> TASK DIRECTIONS
After locating the line that holds "This is the", copy that line and all that follow it word for word through the end of the data, with no pictures.

** Opening INPUT DATA block **

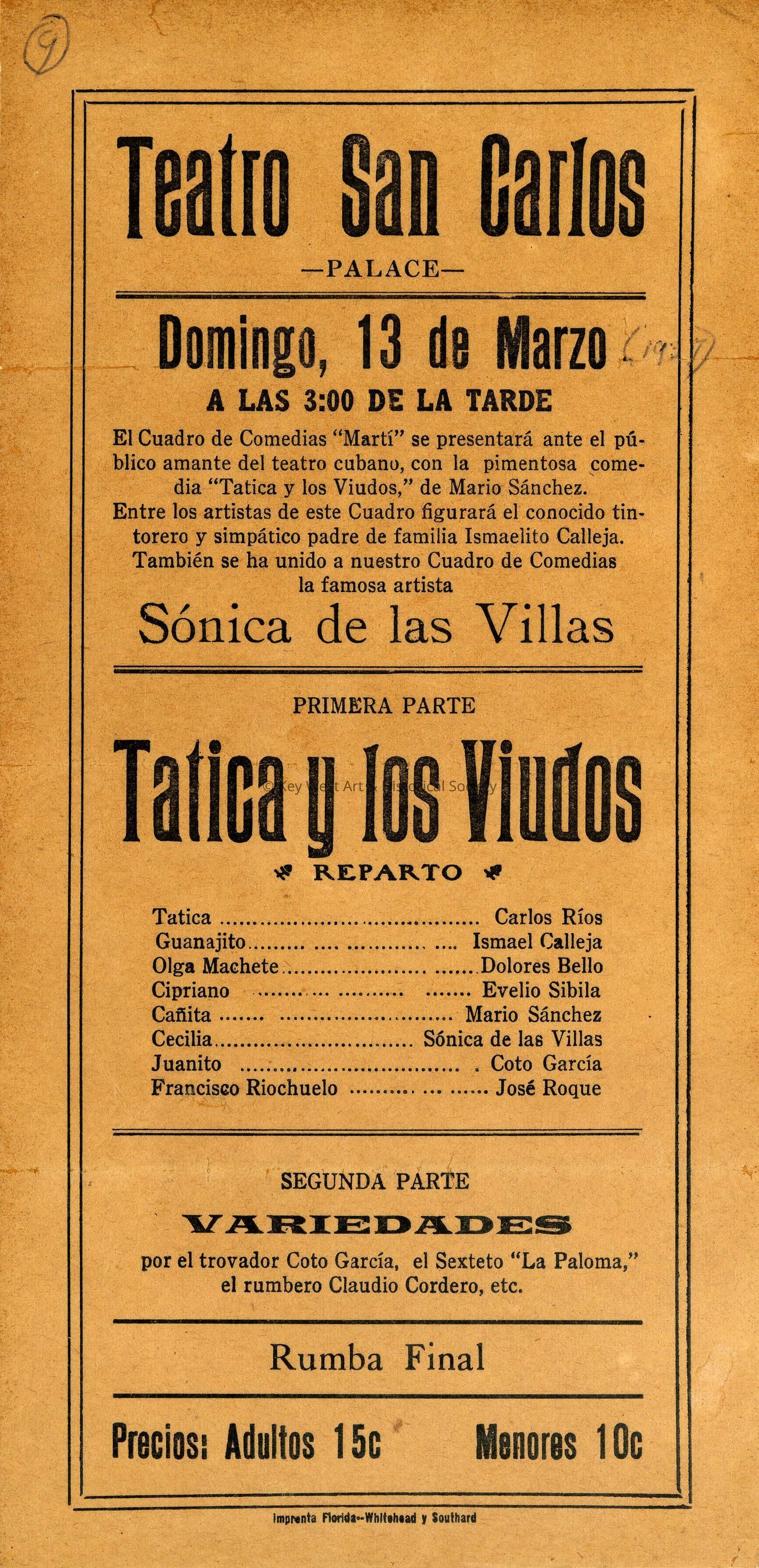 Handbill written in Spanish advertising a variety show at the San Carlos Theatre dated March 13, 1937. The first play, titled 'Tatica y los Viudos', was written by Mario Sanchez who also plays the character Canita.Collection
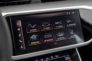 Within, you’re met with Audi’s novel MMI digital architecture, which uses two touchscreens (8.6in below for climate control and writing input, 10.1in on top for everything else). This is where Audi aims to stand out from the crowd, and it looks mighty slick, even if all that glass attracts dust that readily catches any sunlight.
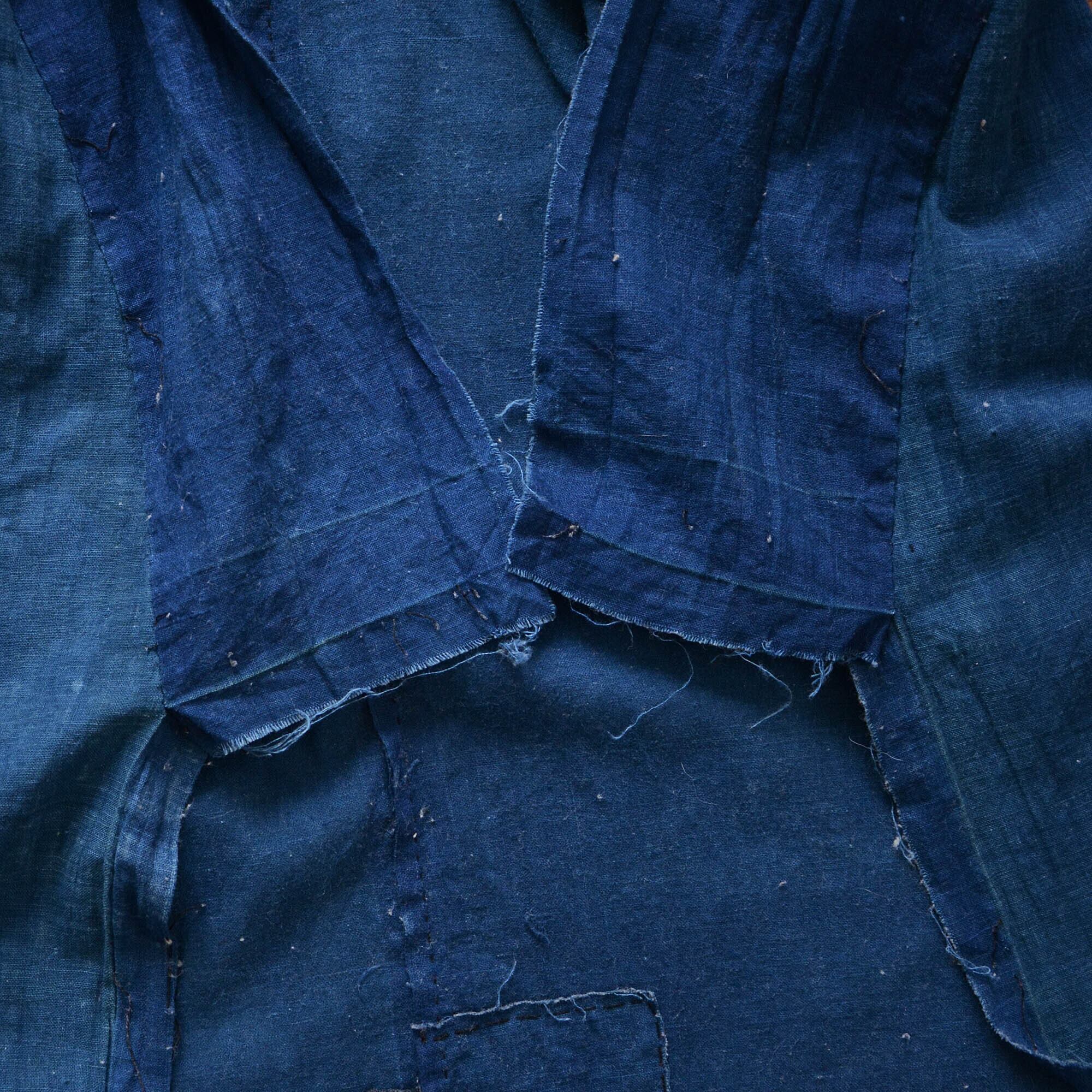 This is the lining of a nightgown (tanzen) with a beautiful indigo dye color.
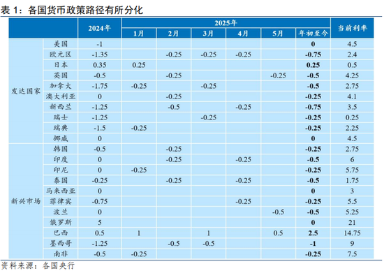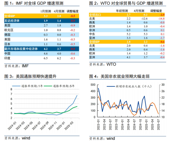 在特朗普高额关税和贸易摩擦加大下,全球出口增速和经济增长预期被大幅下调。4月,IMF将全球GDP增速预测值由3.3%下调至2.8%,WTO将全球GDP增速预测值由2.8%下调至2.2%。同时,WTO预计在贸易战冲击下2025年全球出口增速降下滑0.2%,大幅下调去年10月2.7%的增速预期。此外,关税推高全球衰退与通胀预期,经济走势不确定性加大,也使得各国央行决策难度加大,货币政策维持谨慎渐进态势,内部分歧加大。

** Closing INPUT DATA block **

> RESPONSE TO THIS EXERCISE
 This is the lining of a nightgown (tanzen) with a beautiful indigo dye color.
 在特朗普高额关税和贸易摩擦加大下,全球出口增速和经济增长预期被大幅下调。4月,IMF将全球GDP增速预测值由3.3%下调至2.8%,WTO将全球GDP增速预测值由2.8%下调至2.2%。同时,WTO预计在贸易战冲击下2025年全球出口增速降下滑0.2%,大幅下调去年10月2.7%的增速预期。此外,关税推高全球衰退与通胀预期,经济走势不确定性加大,也使得各国央行决策难度加大,货币政策维持谨慎渐进态势,内部分歧加大。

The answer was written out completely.